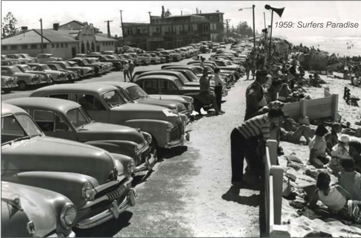
1959: Surfers Paradise
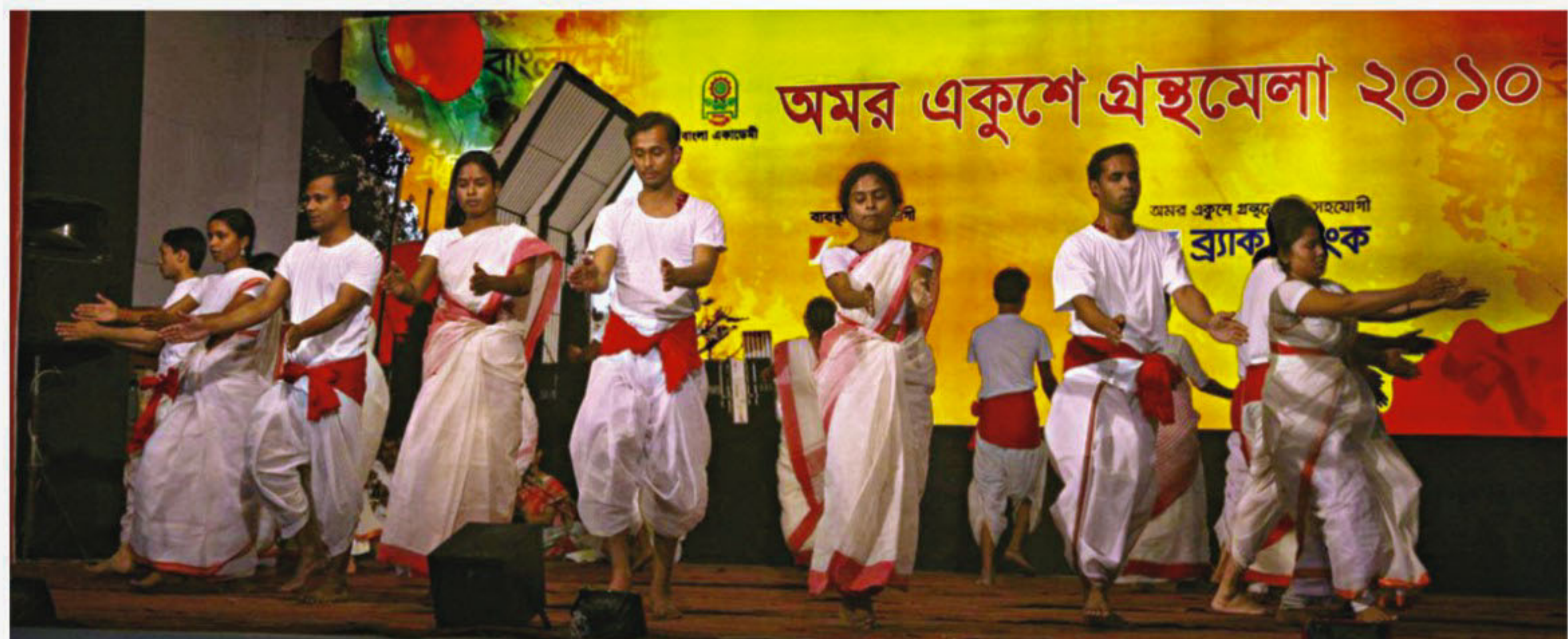
Artistes of Bratachari Samiti Bangladesh during a performance.
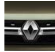
OLIVE GREY (METALLIC)

To do:
Reproduce the listing in full and exactly, excluding any pictures it holds.

Answer to this problem:
1959: Surfers Paradise
Artistes of Bratachari Samiti Bangladesh during a performance.
OLIVE GREY (METALLIC)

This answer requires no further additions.